MOODY'S AFFIRMS Baa1 RATING ON WENTWORTH INSTITUTE OF TECHNOLOGY'S (MA) SERIES 2008 BONDS; OUTLOOK REMAINS NEGATIVE

04 May 2011

WENTWORTH HAS $90.1 MILLION OF RATED DEBT OUTSTANDING

Massachusetts Development Finance Agency
Higher Education
MA

Opinion

NEW YORK, May 4, 2011 -- Moody's Investors Service has affirmed the Baa1 underlying rating on Wentworth Institute of Technology's ("Wentworth" or "Institute") Variable Rate Demand Revenue Refunding Bonds, Series 2008 issued through the Massachusetts Development Finance Agency. The rating outlook is negative. Moody's also maintains ratings on outstanding debt based on support provided by irrevocable direct-pay letters of credit as listed in the RATED DEBT section.

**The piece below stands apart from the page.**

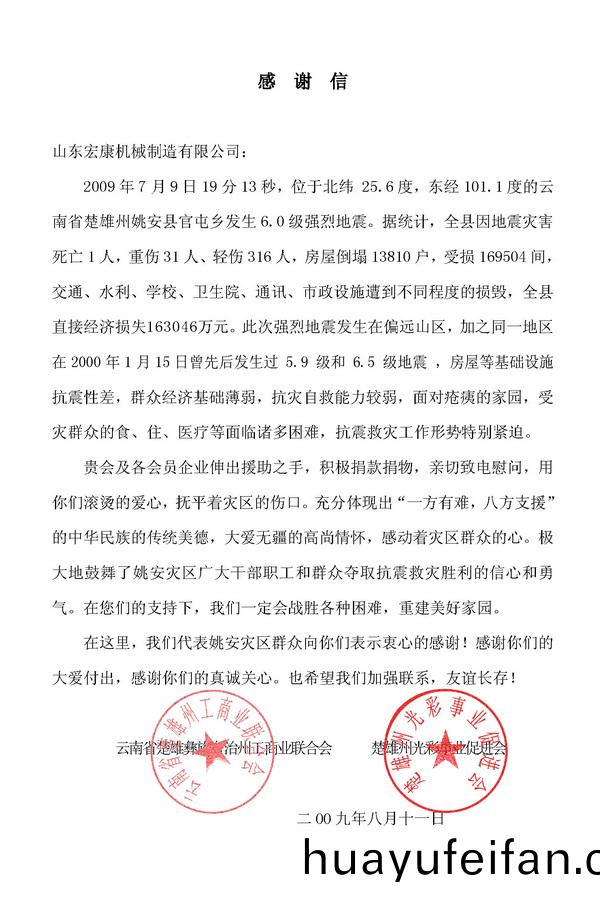 2009年7月9日,雲南省楚雄(xiong)彞族自治州(zhou)姚安縣官屯鄕(xiang)髮(fa)生6.0級強烈地震,造成重(zhong)大(da)傷亾(wang)咊財産損失。作爲(wei)泰安(an)市工商聯副主(zhu)蓆會員單位,在危難(nan)關頭伸齣援助(zhu)之手,曏菑區(qu)人民進行了捐欵援助(zhu)。以(yi)下昰轉載(zai)自該州工商聯髮來的感謝信。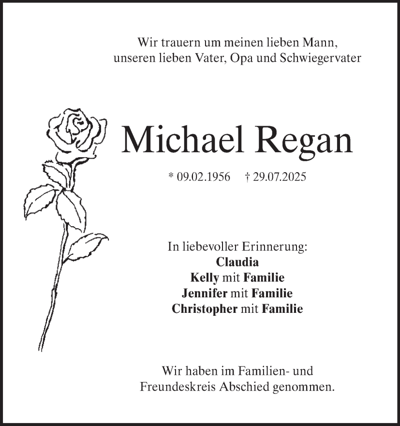 Hier finden Sie alle Traueranzeigen aus der Zeitung, die bisher für Michael Regan erschienen sind. Weitere Traueranzeigen, die in der Zeitung erscheinen, werden hier ebenfalls aufgelistet

SUMMARY RATING RATIONALE: The Baa1 rating incorporates Wentworth's market position as an urban technical design and engineering college located in Boston, consistently healthy operating performance, and heavy reliance on tuition revenue. The negative outlook is driven by pressure on the college's primary revenue source, student charges, due to failure to meet enrollment targets and elevated tuition discounting. The negative outlook also incorporates the operational and liquidity risks associated with its debt structure and high balance sheet leverage.

STRENGTHS

*Market niche as an urban technical oriented college known for programs in architecture, engineering, and construction management as well as a co-op program located in the vibrant Longwood and Fenway area of Boston. Member of the collegiate consortium Colleges of the Fenway which allows the institutions to collaborate and share resources.

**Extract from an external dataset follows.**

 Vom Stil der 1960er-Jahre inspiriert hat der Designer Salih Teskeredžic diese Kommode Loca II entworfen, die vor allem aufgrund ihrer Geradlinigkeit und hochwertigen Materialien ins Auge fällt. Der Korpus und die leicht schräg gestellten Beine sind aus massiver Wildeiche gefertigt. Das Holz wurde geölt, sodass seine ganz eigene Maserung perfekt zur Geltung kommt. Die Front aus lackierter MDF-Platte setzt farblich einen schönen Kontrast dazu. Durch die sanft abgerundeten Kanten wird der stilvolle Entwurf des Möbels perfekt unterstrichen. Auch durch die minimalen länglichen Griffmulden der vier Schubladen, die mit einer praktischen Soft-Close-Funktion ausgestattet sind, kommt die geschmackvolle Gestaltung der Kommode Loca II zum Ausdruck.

*Consistently strong cash flow and healthy debt service coverage. The FY 2010 operating cash flow margin was 23.9%, providing healthy debt service coverage of 4.3 times. The Institute is projecting a positive operating surplus for FY 2011.

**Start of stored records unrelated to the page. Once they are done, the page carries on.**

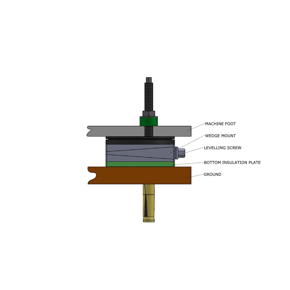 SPHERICAL POSITIONERS are designed to transmit the load of the machine to the ground through wedge mounts at 90 degree despite the angle difference between machine base and foundation. The pressure on the insulation plates remain even. thus, better alignment is possible. variations are available for free standing and bolt on machine bases either with or without insulation damping. Dynemech is open to the idea of developing Customer specific requirenments.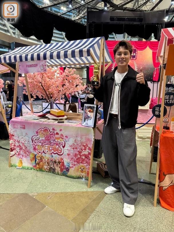 藝人何廣沛計劃今年與拍拖3年的圈外女友Sarah拉埋天窗,日前兩人趁復活節假期「夫妻檔」上陣,於數碼港商場內的市集擺設檔位,推廣寵物用品生意,現場更頒發多個寵物界獎項。何廣沛帶同愛犬到場,他與戴上口罩的Sarah表現合拍,既招攬生意,又執拾貨品,十分落力。愛犬全程乖巧聽話,憑可愛模樣為主人吸引不少顧客,相當抵錫。期間有顧客上前集郵,何廣沛亦表現親民,任影唔嬲,更有小朋友上前與他合照。其後他發現有記者在場時一臉愕然,定神後才接受訪問,反觀Sarah相對怕醜,急急躲於檔位旁避免出鏡。何廣沛表示:「因為今日有個3周年慶典頒獎禮,我哋品牌好榮幸都攞咗個獎呀!」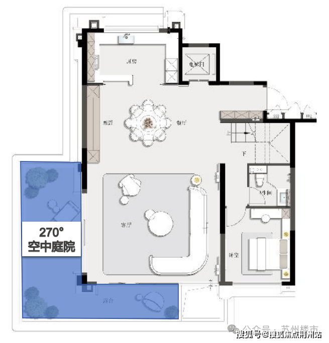 该户型打破 “中叠无庭院” 的固有认知,在首层就配置了270° 空中庭院。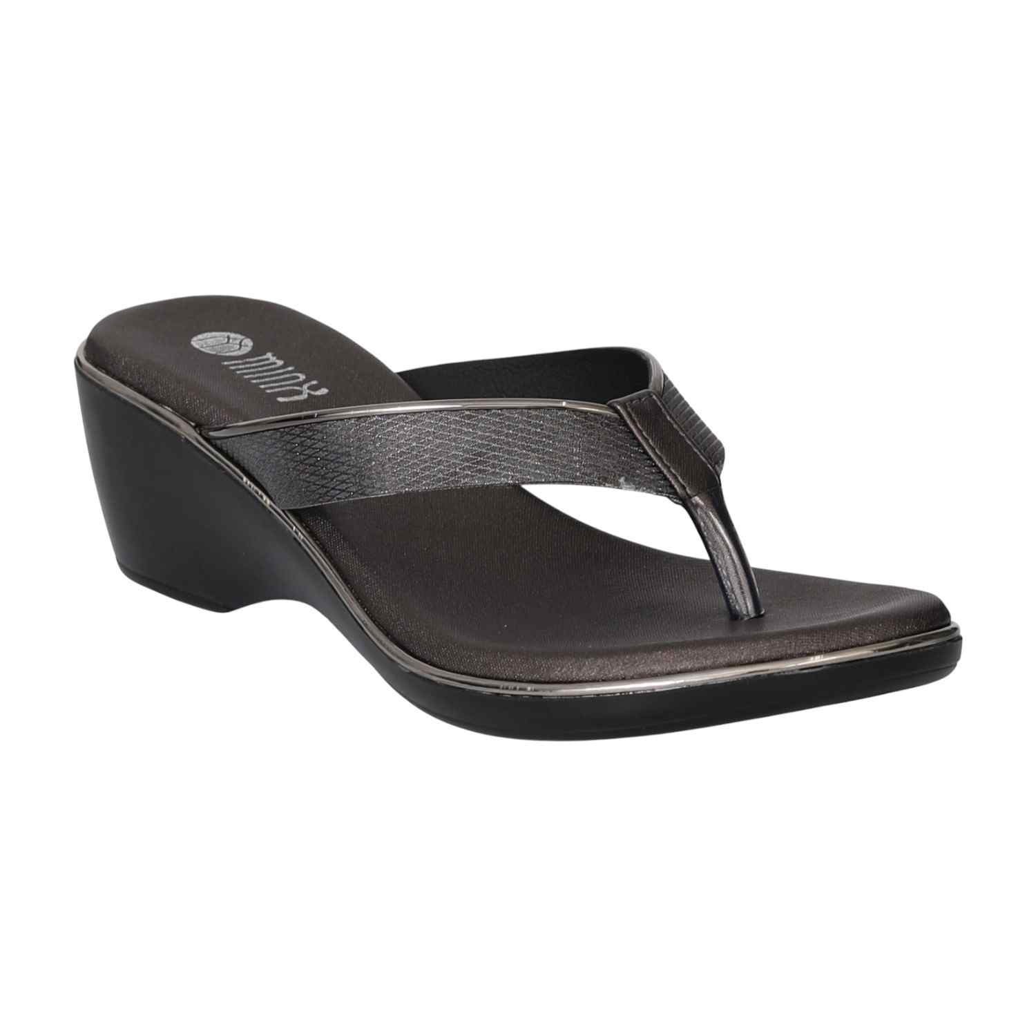 This sandal features a graphite-colored upper with a classic wedge design and a comfortable footbed, offering a chic look that pairs effortlessly with casual or dressy outfits. The elevated sole provides added height without sacrificing stability, making it ideal for all-day wear.

*History of consistent growth of net tuition revenue and net tuition per student have grown at a healthy pace due primarily to increases in tuition charges over the last four years. Total net tuition revenues increased by 27% since fiscal 2006, while net tuition per student, at $21,334, increased by 15.9% during the same period. Moody's notes that there is pressure on student recruitment as evidenced by the drop in student enrollment by 136 freshman students (fall 2010 versus fall 2009) and increase in tuition discounting.

CHALLENGES

*Pressure on the Institute's primary source of revenue, student charges due to enrollment shortfalls and increased tuition discounting. Wentworth relies on student charges for 92.4% of Moody's adjusted operating revenue.

*Debt structure adds risk with all debt in variable rate mode with a tender feature. Letters of credit supporting the debt contain termination events and covenants which, if breached, could result in a mandatory tender of the variable-rate demand bonds. It could also result in a call on the Institute's liquidity to repay the bank over a timeframe that is much shorter than the original schedule. Monthly liquidity of $75.1 million covers debt by a thin 0.83 times as on June 30, 2010.

*High balance sheet leverage with FY 2010 expendable financial resources of $59.3 million providing a thin 0.66 times coverage of debt.

DETAILED CREDIT DISCUSSION

LEGAL SECURITY: Debt service payments are a general obligation of the Institute, secured by its unrestricted revenues. Other security features include a negative pledge on the Core Campus.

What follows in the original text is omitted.